Cape Town - Cape Town's residents owe the City more than R9.887billion in unpaid rates and services bills, which is severely affecting the municipality’s ability to deliver services.
The City’s finance directorate sent a report to the finance portfolio committee that it was owed R7.846bn by households and a further R1.513bn by businesses, with other outstanding debt totalling nearly R500million.
“The water crisis had a huge impact on the collection ratio and the City’s debt, which increased significantly since the punitive tariffs were implemented,” the report read.
The department reported that it could not yet write off the R1.466bn owed the City by indigent households (with household incomes of below R4000 per month) because the department of water and sanitation had not yet repaired water leaks, nor installed water management devices or prepaid electricity meters.
There was an amount of R7.145bn in arrears owed to the City as at the end of January this year, which was more than R295m higher than in December 2018, due to an increase in debt owed over 120 days or more.
There was also an amount of R330m in irrecoverable debt owed by indigent properties, which had also not yet been written off for the July 2018-January 2019 review period.
The City said that a total of 11 313 properties had been identified as having refused to install water management devices.
Despite the debt, the City still managed to recover a large percentage of its rates, with a 92.57% payment rate. That rate would increase to 95.88% should indigent household water and sewerage usage above the prescribed targets be excluded from the 12-month average calculation, the report revealed.

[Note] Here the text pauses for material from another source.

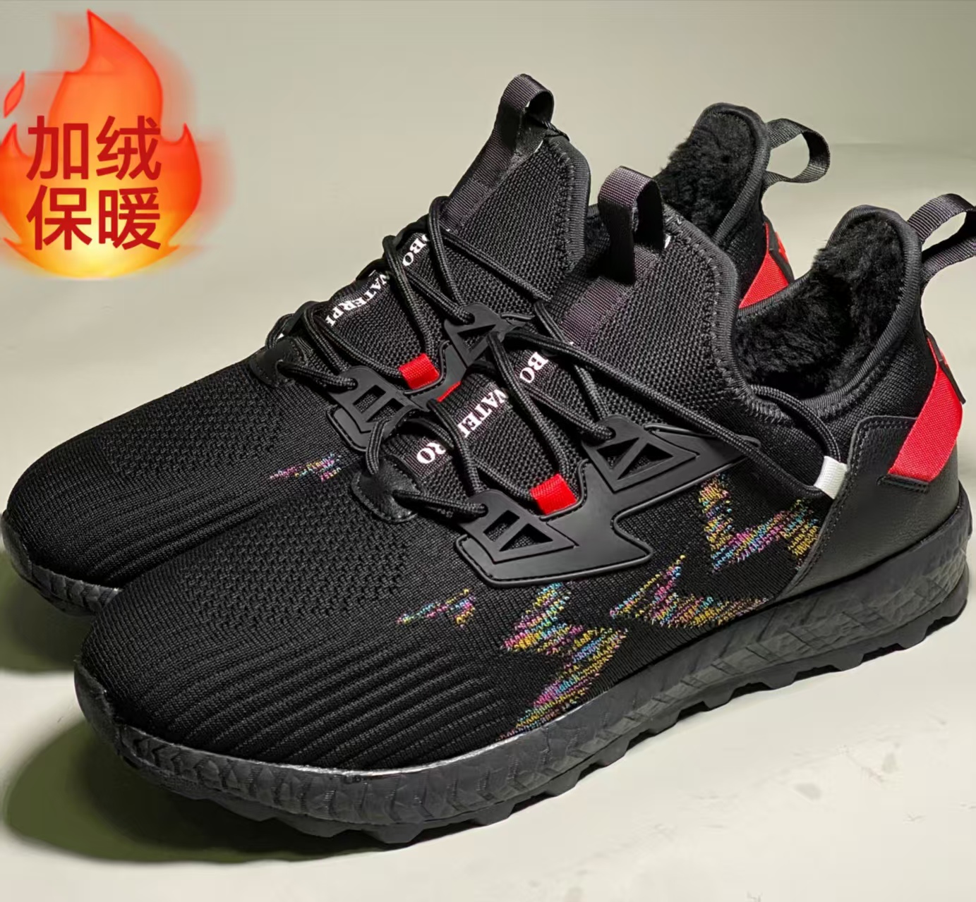 冬季加绒【可泡水!持久型真防水】量橙黑武士防水运动鞋

Mayoral committee member for finance Ian Neilson said the amount of money owed had a dire impact on the services it could deliver.
“Due to this debt, the City has to make a provision for bad debt in its budget, which means that fewer services are delivered.
“If those who have the means to pay, refuse to pay for services that they use, it has a large impact on the sustainability of the City and it impacts our absolute desire to make this great city even greater for all who live in it.”
Neilson said Mayco planned on enforcing payment of outstanding debts through effective debt management actions.
“Debt management actions are being intensified especially against those, who can pay, but choose not to pay and the frequent defaulters. Final demands letters will be sent out on a monthly basis to those debtors whose accounts fall into arrears. During the month of January, 14 203 letters of demand were sent out and 607 debtors were listed for adverse credit listing.”
Sandra Dickson of civic activist group Stop Coct said this was a clear indication that residents could no longer keep up with the City’s steep tariffs.
“When a new blue meter was installed, unsuspecting home owners were slapped with a R4 500 bill for the meter. This once-off charge dropped many into debt. In addition, people are forced to pay up before the City would investigate any abnormal high water account.
“This is disputed by the City, but many members on Stop Coct reported that they had to pay before their high accounts were investigated.